Task instructions:
Write out the lines below once more, exactly as they appear. Do not include pictures.

Recorded information:

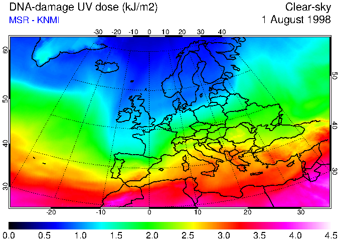 DNA-damage UV dose of 01 August 1998
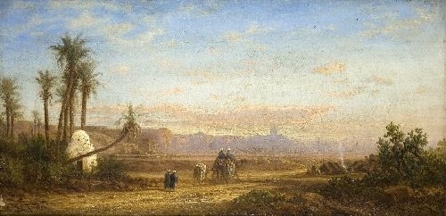 NORDAFRIKANISCHE LANDSCHAFT MIT KARAWANE
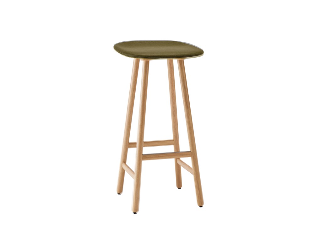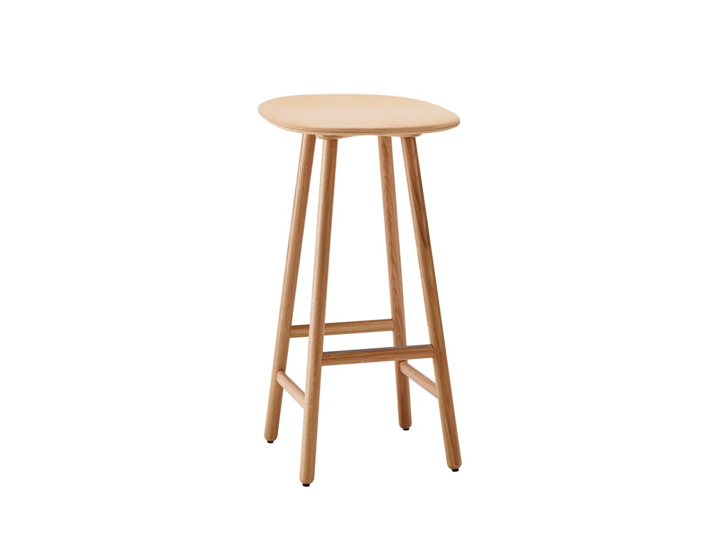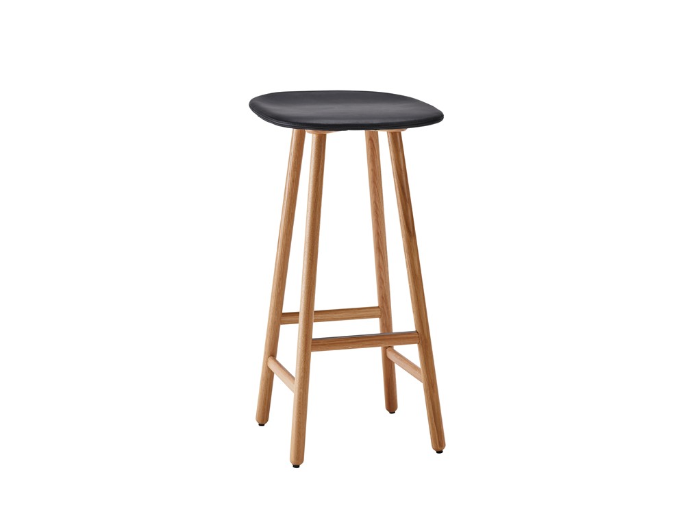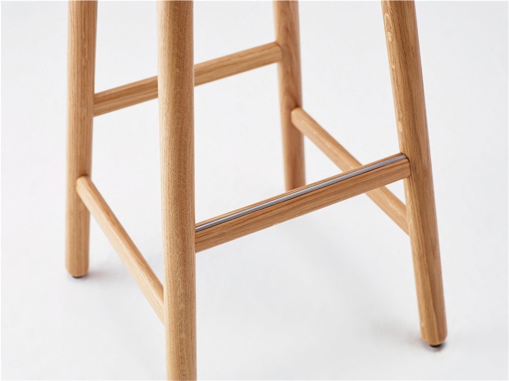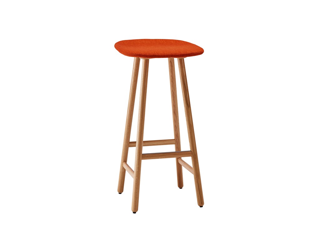 Wählen Sie einen Holzsitz oder einen mit Stoff oder Leder gepolsterten. Die Fußstütze des Hochhockers hat einen Fußstützenschutz aus Edelstahl.
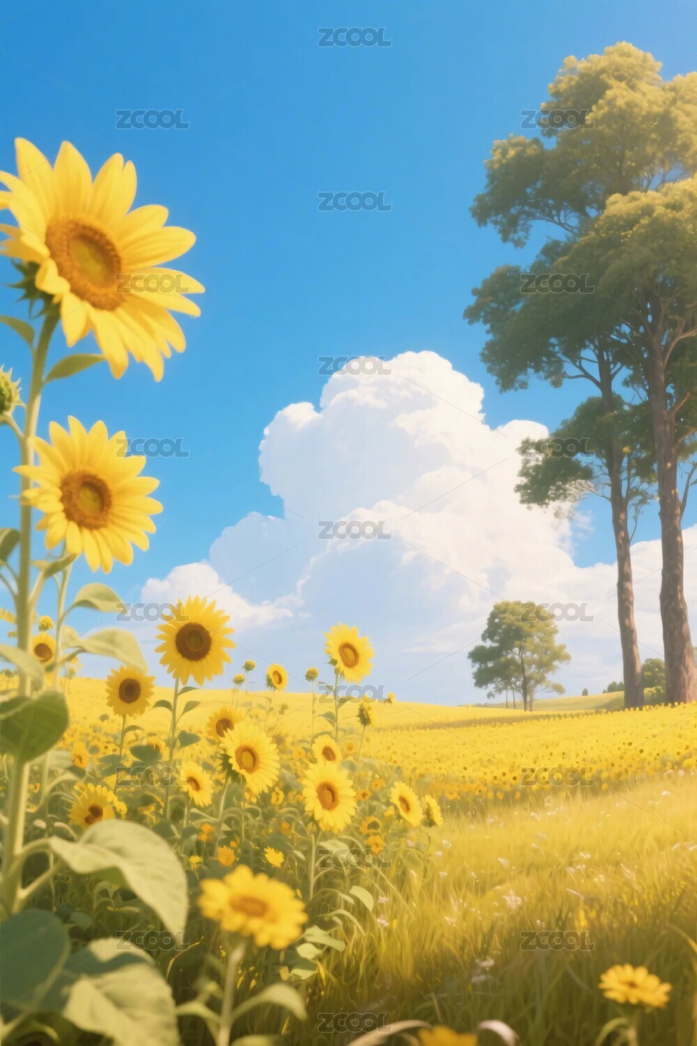 向日葵,田野,蓝天,白云,树木,自然,风景,田园,插画,素材

Response to the task:
 DNA-damage UV dose of 01 August 1998
 NORDAFRIKANISCHE LANDSCHAFT MIT KARAWANE
 Wählen Sie einen Holzsitz oder einen mit Stoff oder Leder gepolsterten. Die Fußstütze des Hochhockers hat einen Fußstützenschutz aus Edelstahl.
 向日葵,田野,蓝天,白云,树木,自然,风景,田园,插画,素材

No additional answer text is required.